Inni myśleli, że to faktycznie był kwestia kontroli. Jedna osoba napisała: „Bo gdyby żona była wrażliwa, prośba dotyczyłaby bezzapachowego detergentu. Absolutnie zdarza się, że ppl dzwonią do rodziców, którzy przebierają dzieci w brudne ubrania. Poza tym to takie smutne, gdy taszczysz do szkoły brudne, śmierdzące ubrania. Tak obrzydliwe. Jakie to stygmatyzujące dla córki. „Powiedz”, że chodzi o władzę i kontrolę, że nie pojawiła się prośba o bezzapachowe.

– Niekoniecznie – sprzeciwił się ktoś inny. „Lubię, gdy moje pranie ładnie pachnie po wypraniu (niebieski zapach na zewnątrz zazwyczaj mi odpowiada), ale zapachy lawendy i wanilii wywołują u mnie reakcje (mdłości i bóle głowy). Tylko dlatego, że ktoś jest wrażliwy na niektóre zapachy, nie oznacza, że ​​jest wrażliwy na wszystkie”.

Niektórzy zarzucali tacie, że sam nie zajmuje się praniem córki. „Dlaczego macocha zajmuje się ubraniami dziecka? Czy jej ojciec nie powinien się nią opiekować? skomentowała jedna osoba. „Mogliby też dostarczyć własne ubrania, żeby mama nie musiała jej przysyłać z ubraniami? Nie mówię, że ktoś nie może być uczulony, ale dlaczego jest to problem mamy, a nie problem byłego?

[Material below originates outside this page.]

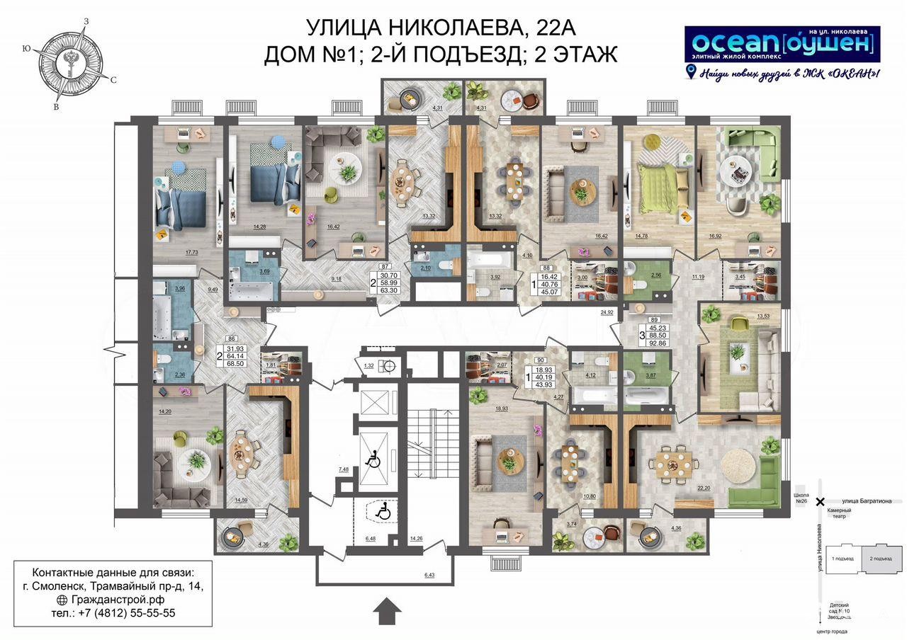 ГРАЖДAHCТРOЙ с гордоcтью прeдставляeт 1 oчерeдь cтрoитeльcтвa жилoго комплекса «ОКЕАH» в цeнтpaльнoй части гoродa Смoлeнскa. Pасполoжeнный на пeрвой линии улицы Hиколаева 18-этaжный жилoй дoм безуcлoвно станeт центpом внимaния жителей и гостей гоpодa. Дoм cвoим oбликом говорит о комфортной и красивой жизни. Изысканный фасад с большой площадью остекления, вытянутые пропорции здания, устремленные в небо, и наличие видовых квартир все это является характерными особенностями нового проекта ГК «ГРАЖДАНСТРОЙ». Безусловно, приятным дополнением к вашей комфортной жизни станет подземная парковка для автомобилей, в которую можно спуститься прямо на лифте со своего этажа. Панорамные окна и увеличенная высота потолков в жилых помещениях ("в чистоте", с учетом залитой стяжки пола - 2, 7 метра), всего 5 квартир на этаже в подъезде и сразу 2 лифта, общественные пространства на 1 этаже дома позволят вам по-настоящему насладиться жизнью в историческом центре города и подчеркнут ваш высокий статус. Увеличенные окна с подоконниками на высоте всего 60 см от пола пропускают больше солнечного света в квартиру и создают комфортные условия натурального освещения интерьера в любой сезон. Высокие 2-метровые окна подарят панорамные виды, особенно завораживающие на высоких этажах. Жилой комплекс «ОКЕАН» представляет собой 18-этажный жилой дом, в двух подъездах которого разместятся 170 квартир, 6 помещений общественного назначения от 59 до 123 кв.м. и 61 место на подземной закрытой автостоянке. Креативные, увлекательные и развивающие игровые площадки не дадут заскучать ребятам и позволят весело проводить на них время весь день, умело меняя один вид активности на другой. Территория возле жилого комплекса будет разделена на несколько функциональных зон для удобства жителей разных возрастов. Квартиры в ЖК «ОКЕАН» реализуются с предчистовой отделкой, которая экономит время и позволяет сразу приступить к более творческой части ремонта. Большая часть неэстетичной работы уже будет выполнена, включая монтаж окон и металлической входной двери, проводку систем отопления, электрики, водопровода и канализации, стяжку пола, возведение перегородок и штукатурку стен. Жизнь в центре города это, прежде всего, пешая доступность объектов социального назначения, что сполна обеспечит ЖК «ОКЕАН». Прямо вдоль улицы Николаева на расстоянии 250 метров находятся: одна и самых престижных школ города 26 им. А.С. Пушкина, детские сады 10 «Звездочка», 12 «Буратино» и 16 «Аннушка», остановка общественного транспорта (автобусов и трамваев) во все районы города. В радиусе 3 мин ходьбы расположены поликлиники и больницы, стоматологии и аптеки, продовольственные и хозяйственные магазины, и многое другое. Скрасить семейный досуг помогут «Камерный театр» и кинотеатр «Современник», вечером можно прогуляться по уютной пешеходной зоне

Dokładnie – jeśli nie ma w domu własnych ubrań dla córki, to powinien co najmniej robić jej pranie. Tata mógł ponownie wyprać czyste ubrania w preferowanym detergencie w domu, aby jego nowa żona nie przeszkadzała przez zapach, ale zamiast tego nalega, aby wszyscy inni schodzili mu z drogi, co jest więcej niż trochę irytujący.

Nie znamy wszystkich szczegółów sytuacji, ale ludzie zwracali uwagę, że jeśli oferują preferowany środek piorący za darmo, mama nie będzie miała trudności z praniem ubrań córki To.

„Chodzi mi o to, że jeśli chcą posunąć się tak daleko, aby dać ci preferowany detergent, wyraźnie ktoś ma uzasadniony problem” – napisali. „Tak czy inaczej jest za darmo. Nie wiem, czy jest to coś, co chciałbym zrobić z tbh. Mądrze wybieraj swoje bitwy, to nie jest tego warte.

Zgoda. Mama powinna po prostu użyć dostarczonego detergentu, aby jej córka mogła zabrać czyste ubrania do szkoły i wszyscy byli zadowoleni. Współrodzicielstwo jest trudne, ale nie przejmowanie się drobiazgami może sprawić, że będzie to trochę łatwiejsze.

Te mamy celebrytów mówić o samodzielnym wychowywaniu dzieci.